Statistical analyses
For comparing HLA allele frequencies in AAA+ and AAA- subjects, two approaches were performed. In both approaches, we first label each allele as being derived from an AAA+ or an AAA- individual and test for deviations from the normal ratio of AAA+ to AAA-. The first approach treats each HLA allele type independently and tests the null hypothesis that AAA+: AAA- ratios are equal for the allele in question compared to the collection of all other alleles. Pseudo-counts of 0.5 were added to the final contingency table and Fisher’s Exact Tests were used to obtain P-values [15]. While the hypothesis tested in the first approach is of interest, each allele is compared to a different collection of other alleles so directly comparing odds ratios between alleles and adjusting for additional covariates is not possible. Thus, in a second approach, we fit a joint logistic regression model with the most common allele set as the reference (intercept) and estimated regression coefficients for all other alleles, which allows for a direct comparison between any two alleles if so desired. We tested models with HLA genotypes alone as predictor variables and compared the results of these models with models including sex, age, ethnicity, and disease type as additional covariates. Firth’s bias reduction was employed and significance was assessed with penalized profile likelihood and chi-squared test statistics as implemented in the logistf package in R[16].
Results
In total, 365 RA subjects were included in the HLA typing analysis: 17 AAA+ cases (12 from CONCERTO and 3 from MUSICA) and 348 negative controls. Average AAA concentrations in these subjects ranged from 0.047 to 98.5 μg/mL. A total of 269 HS subjects were included in the HLA typing analyses: 20 AAA+ cases (12 from PIONEER-I and 8 from PIONEER-II) and 249 negative controls. Average AAA concentrations in these subjects ranged from 0.070 to 16.8 μg/mL.

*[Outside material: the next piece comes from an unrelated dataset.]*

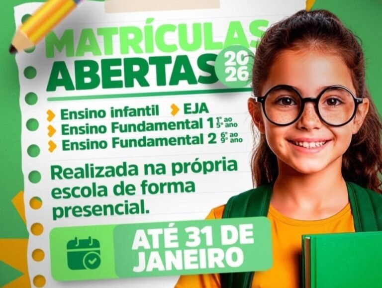 A Secretaria Municipal de Educação deu início no mês de dezembro de 2025 à renovação das matrículas dos estudantes da rede municipal de ensino e segue no mês de janeiro de 2026 com renovações e novas matrículas. Todo processo pode ser realizado presencialmente na escola, no turno da manhã, até o dia 31 de janeiro.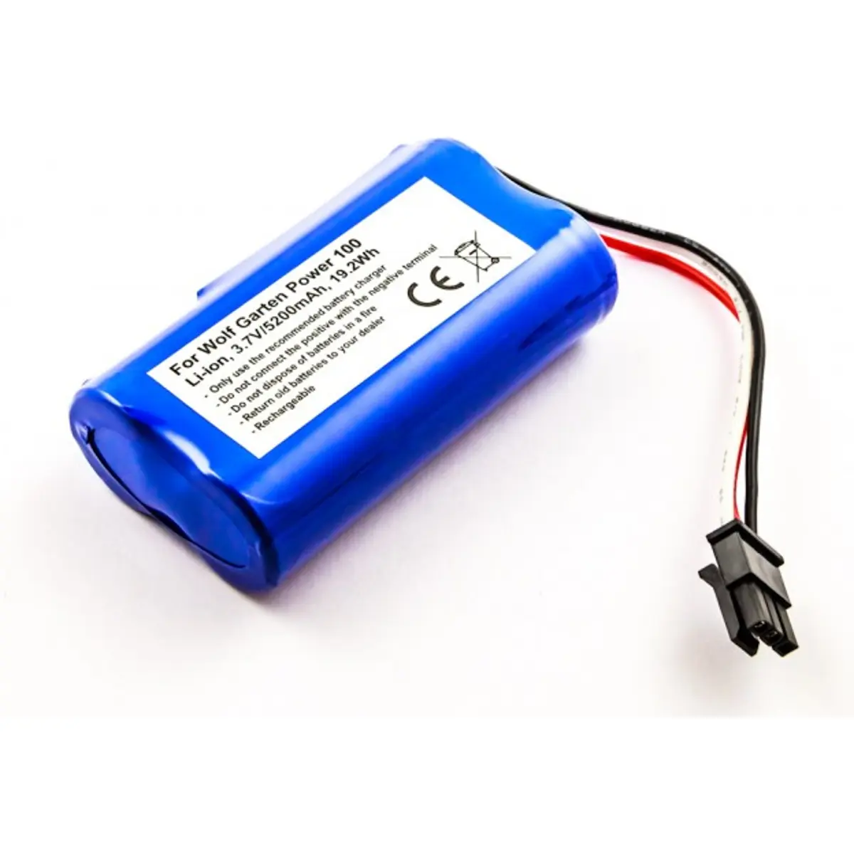 Bateria Li-ion de 3,7V, com capacidade de 5200mAh, compatível com Wolf Garten Power 100, proporcionando energia estável para o equipamento.

HLA class II allele analysis in RA and HS
Initial Sanger based HLA typing in both HLA-Class I and Class II regions was performed in a small subset of RA subjects (17 AAA+ and 20 AAA-) (data not shown). Based on the results, we focused on the HLA-Class II in the DQB1 and DRB1 regions for the full set of samples. NGS-based HLA typing analysis was performed using 37 AAA+ subjects (17 from RA and 20 from HS) plus 597 AAA- subjects (348 from RA and 249 from HS). When the results from both RA and HS subjects were combined with all AAA- controls available in these RA and HS trials, two statistical methods were utilized to analyze risk and protective alleles. In the first approach (Fisher’s exact) we compared each HLA allele to the collection of all other HLA alleles, and carriers of HLA-DRB1*01 and *07 were shown to be less prevalent in AAA+ than AAA- subjects (OR = 0.259, P = 0.012, 95% CI: [0.073–0.927] and OR = 0.281, P = 0.018, 95% CI: [0.078, 1.004], respectively). Carriers of HLA-DRB1*03 and *11 alleles were shown to be more prevalent in AAA+ than AAA- subjects (OR = 2.519, P = 0.006, 95% CI: [1.37, 4.63] and OR = 2.24, P = 0.019, 95% CI: [1.240, 4.045], respectively) (Fig 1A and Table 2). However, in the HLA-DQB region, HLA-DQB1*05 was shown to be less prevalent in AAA+ than AAA- subjects (OR = 0.400, P = 0.012, 95% CI: [0.186–0.862].
Fig 1. Forest plot of AAA formation (auto-antibody to adalimumab) according to the different HLA-DQB and DRB alleles in HS and RA by different tests.
(A) HLA Class II DQB and DRB alleles effect of combined subjects in HS and RA by odds ratio and 95% confidence intervals (CIs) on AAA formation by Fisher’s Exact Test. (B) HLA Class II DQB and DRB alleles effect of combined subjects in HS and RA by odds ratio and 95% confidence intervals (CIs) on AAA formation by Fisher’s Exact Test.
Table 2. HLA typing results for AAA formation in extension study in HLA-DQB1 and HLA-DRB1 regions for both RA and HS subjects by Fisher’s exact test.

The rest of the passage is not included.